──────── RECORDS TO USE ────────
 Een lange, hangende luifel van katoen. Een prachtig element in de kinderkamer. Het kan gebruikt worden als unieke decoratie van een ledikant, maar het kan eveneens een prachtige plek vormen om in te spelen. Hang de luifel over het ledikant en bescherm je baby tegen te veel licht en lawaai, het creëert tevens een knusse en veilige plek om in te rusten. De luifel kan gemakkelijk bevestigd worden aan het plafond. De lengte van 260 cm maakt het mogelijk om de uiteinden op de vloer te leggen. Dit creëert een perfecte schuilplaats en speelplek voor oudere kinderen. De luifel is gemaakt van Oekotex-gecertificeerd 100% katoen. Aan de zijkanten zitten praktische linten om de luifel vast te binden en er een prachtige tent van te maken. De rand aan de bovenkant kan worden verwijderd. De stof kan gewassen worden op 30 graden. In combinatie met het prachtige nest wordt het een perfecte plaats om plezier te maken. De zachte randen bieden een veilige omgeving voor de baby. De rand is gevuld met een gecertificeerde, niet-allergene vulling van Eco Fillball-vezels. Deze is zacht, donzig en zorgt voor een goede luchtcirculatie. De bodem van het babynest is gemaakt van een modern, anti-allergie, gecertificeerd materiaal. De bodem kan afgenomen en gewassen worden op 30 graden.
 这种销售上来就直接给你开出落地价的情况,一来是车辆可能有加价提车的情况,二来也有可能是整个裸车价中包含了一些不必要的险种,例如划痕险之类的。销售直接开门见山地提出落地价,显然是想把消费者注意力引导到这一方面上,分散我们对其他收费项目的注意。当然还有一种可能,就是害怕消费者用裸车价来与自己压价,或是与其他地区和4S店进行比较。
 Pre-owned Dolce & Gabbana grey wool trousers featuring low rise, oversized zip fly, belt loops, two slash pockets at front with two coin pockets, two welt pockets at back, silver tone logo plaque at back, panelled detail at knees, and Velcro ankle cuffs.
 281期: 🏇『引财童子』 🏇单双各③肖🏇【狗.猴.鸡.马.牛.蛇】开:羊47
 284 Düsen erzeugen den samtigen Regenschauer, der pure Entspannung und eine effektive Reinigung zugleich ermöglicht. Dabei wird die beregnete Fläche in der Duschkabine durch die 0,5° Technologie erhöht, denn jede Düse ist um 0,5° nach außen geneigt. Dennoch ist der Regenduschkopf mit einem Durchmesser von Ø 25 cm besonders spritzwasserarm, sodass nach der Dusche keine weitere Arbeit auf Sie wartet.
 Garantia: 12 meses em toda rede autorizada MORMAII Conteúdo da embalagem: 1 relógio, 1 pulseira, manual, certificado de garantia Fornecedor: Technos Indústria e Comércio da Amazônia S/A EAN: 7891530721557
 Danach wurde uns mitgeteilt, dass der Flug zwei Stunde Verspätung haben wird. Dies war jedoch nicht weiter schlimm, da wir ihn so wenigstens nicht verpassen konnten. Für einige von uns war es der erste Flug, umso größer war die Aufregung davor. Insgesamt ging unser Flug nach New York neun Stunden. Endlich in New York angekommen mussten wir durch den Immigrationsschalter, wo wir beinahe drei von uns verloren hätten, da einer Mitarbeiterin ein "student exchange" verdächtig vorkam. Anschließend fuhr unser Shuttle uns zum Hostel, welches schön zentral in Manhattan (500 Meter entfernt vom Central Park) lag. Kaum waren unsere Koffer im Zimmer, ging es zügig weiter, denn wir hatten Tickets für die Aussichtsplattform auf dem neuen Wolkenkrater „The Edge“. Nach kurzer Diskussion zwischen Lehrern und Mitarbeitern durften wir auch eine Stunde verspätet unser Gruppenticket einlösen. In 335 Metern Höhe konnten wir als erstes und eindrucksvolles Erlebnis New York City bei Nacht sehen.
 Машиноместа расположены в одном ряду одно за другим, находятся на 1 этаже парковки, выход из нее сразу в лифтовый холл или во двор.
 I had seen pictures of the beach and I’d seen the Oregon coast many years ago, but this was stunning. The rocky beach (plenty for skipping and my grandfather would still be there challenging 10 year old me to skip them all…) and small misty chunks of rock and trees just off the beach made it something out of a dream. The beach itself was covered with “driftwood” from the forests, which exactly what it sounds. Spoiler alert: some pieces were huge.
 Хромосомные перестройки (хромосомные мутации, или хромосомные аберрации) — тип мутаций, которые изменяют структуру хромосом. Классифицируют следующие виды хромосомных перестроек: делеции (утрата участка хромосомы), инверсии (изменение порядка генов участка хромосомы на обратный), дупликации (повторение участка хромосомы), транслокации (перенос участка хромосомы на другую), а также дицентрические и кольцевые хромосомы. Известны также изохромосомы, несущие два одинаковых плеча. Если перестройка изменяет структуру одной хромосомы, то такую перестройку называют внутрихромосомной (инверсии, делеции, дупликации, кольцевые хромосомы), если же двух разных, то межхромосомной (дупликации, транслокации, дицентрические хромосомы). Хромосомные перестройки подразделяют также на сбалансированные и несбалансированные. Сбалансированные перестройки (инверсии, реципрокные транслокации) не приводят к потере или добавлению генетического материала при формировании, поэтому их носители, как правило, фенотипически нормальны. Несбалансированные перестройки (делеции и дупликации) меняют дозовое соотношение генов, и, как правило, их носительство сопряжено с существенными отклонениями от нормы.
────────
### EXERCISE INSTRUCTIONS:
Repeat the records. Match them exactly.

### TASK SOLUTION:
 Een lange, hangende luifel van katoen. Een prachtig element in de kinderkamer. Het kan gebruikt worden als unieke decoratie van een ledikant, maar het kan eveneens een prachtige plek vormen om in te spelen. Hang de luifel over het ledikant en bescherm je baby tegen te veel licht en lawaai, het creëert tevens een knusse en veilige plek om in te rusten. De luifel kan gemakkelijk bevestigd worden aan het plafond. De lengte van 260 cm maakt het mogelijk om de uiteinden op de vloer te leggen. Dit creëert een perfecte schuilplaats en speelplek voor oudere kinderen. De luifel is gemaakt van Oekotex-gecertificeerd 100% katoen. Aan de zijkanten zitten praktische linten om de luifel vast te binden en er een prachtige tent van te maken. De rand aan de bovenkant kan worden verwijderd. De stof kan gewassen worden op 30 graden. In combinatie met het prachtige nest wordt het een perfecte plaats om plezier te maken. De zachte randen bieden een veilige omgeving voor de baby. De rand is gevuld met een gecertificeerde, niet-allergene vulling van Eco Fillball-vezels. Deze is zacht, donzig en zorgt voor een goede luchtcirculatie. De bodem van het babynest is gemaakt van een modern, anti-allergie, gecertificeerd materiaal. De bodem kan afgenomen en gewassen worden op 30 graden.
 这种销售上来就直接给你开出落地价的情况,一来是车辆可能有加价提车的情况,二来也有可能是整个裸车价中包含了一些不必要的险种,例如划痕险之类的。销售直接开门见山地提出落地价,显然是想把消费者注意力引导到这一方面上,分散我们对其他收费项目的注意。当然还有一种可能,就是害怕消费者用裸车价来与自己压价,或是与其他地区和4S店进行比较。
 Pre-owned Dolce & Gabbana grey wool trousers featuring low rise, oversized zip fly, belt loops, two slash pockets at front with two coin pockets, two welt pockets at back, silver tone logo plaque at back, panelled detail at knees, and Velcro ankle cuffs.
 281期: 🏇『引财童子』 🏇单双各③肖🏇【狗.猴.鸡.马.牛.蛇】开:羊47
 284 Düsen erzeugen den samtigen Regenschauer, der pure Entspannung und eine effektive Reinigung zugleich ermöglicht. Dabei wird die beregnete Fläche in der Duschkabine durch die 0,5° Technologie erhöht, denn jede Düse ist um 0,5° nach außen geneigt. Dennoch ist der Regenduschkopf mit einem Durchmesser von Ø 25 cm besonders spritzwasserarm, sodass nach der Dusche keine weitere Arbeit auf Sie wartet.
 Garantia: 12 meses em toda rede autorizada MORMAII Conteúdo da embalagem: 1 relógio, 1 pulseira, manual, certificado de garantia Fornecedor: Technos Indústria e Comércio da Amazônia S/A EAN: 7891530721557
 Danach wurde uns mitgeteilt, dass der Flug zwei Stunde Verspätung haben wird. Dies war jedoch nicht weiter schlimm, da wir ihn so wenigstens nicht verpassen konnten. Für einige von uns war es der erste Flug, umso größer war die Aufregung davor. Insgesamt ging unser Flug nach New York neun Stunden. Endlich in New York angekommen mussten wir durch den Immigrationsschalter, wo wir beinahe drei von uns verloren hätten, da einer Mitarbeiterin ein "student exchange" verdächtig vorkam. Anschließend fuhr unser Shuttle uns zum Hostel, welches schön zentral in Manhattan (500 Meter entfernt vom Central Park) lag. Kaum waren unsere Koffer im Zimmer, ging es zügig weiter, denn wir hatten Tickets für die Aussichtsplattform auf dem neuen Wolkenkrater „The Edge“. Nach kurzer Diskussion zwischen Lehrern und Mitarbeitern durften wir auch eine Stunde verspätet unser Gruppenticket einlösen. In 335 Metern Höhe konnten wir als erstes und eindrucksvolles Erlebnis New York City bei Nacht sehen.
 Машиноместа расположены в одном ряду одно за другим, находятся на 1 этаже парковки, выход из нее сразу в лифтовый холл или во двор.
 I had seen pictures of the beach and I’d seen the Oregon coast many years ago, but this was stunning. The rocky beach (plenty for skipping and my grandfather would still be there challenging 10 year old me to skip them all…) and small misty chunks of rock and trees just off the beach made it something out of a dream. The beach itself was covered with “driftwood” from the forests, which exactly what it sounds. Spoiler alert: some pieces were huge.
 Хромосомные перестройки (хромосомные мутации, или хромосомные аберрации) — тип мутаций, которые изменяют структуру хромосом. Классифицируют следующие виды хромосомных перестроек: делеции (утрата участка хромосомы), инверсии (изменение порядка генов участка хромосомы на обратный), дупликации (повторение участка хромосомы), транслокации (перенос участка хромосомы на другую), а также дицентрические и кольцевые хромосомы. Известны также изохромосомы, несущие два одинаковых плеча. Если перестройка изменяет структуру одной хромосомы, то такую перестройку называют внутрихромосомной (инверсии, делеции, дупликации, кольцевые хромосомы), если же двух разных, то межхромосомной (дупликации, транслокации, дицентрические хромосомы). Хромосомные перестройки подразделяют также на сбалансированные и несбалансированные. Сбалансированные перестройки (инверсии, реципрокные транслокации) не приводят к потере или добавлению генетического материала при формировании, поэтому их носители, как правило, фенотипически нормальны. Несбалансированные перестройки (делеции и дупликации) меняют дозовое соотношение генов, и, как правило, их носительство сопряжено с существенными отклонениями от нормы.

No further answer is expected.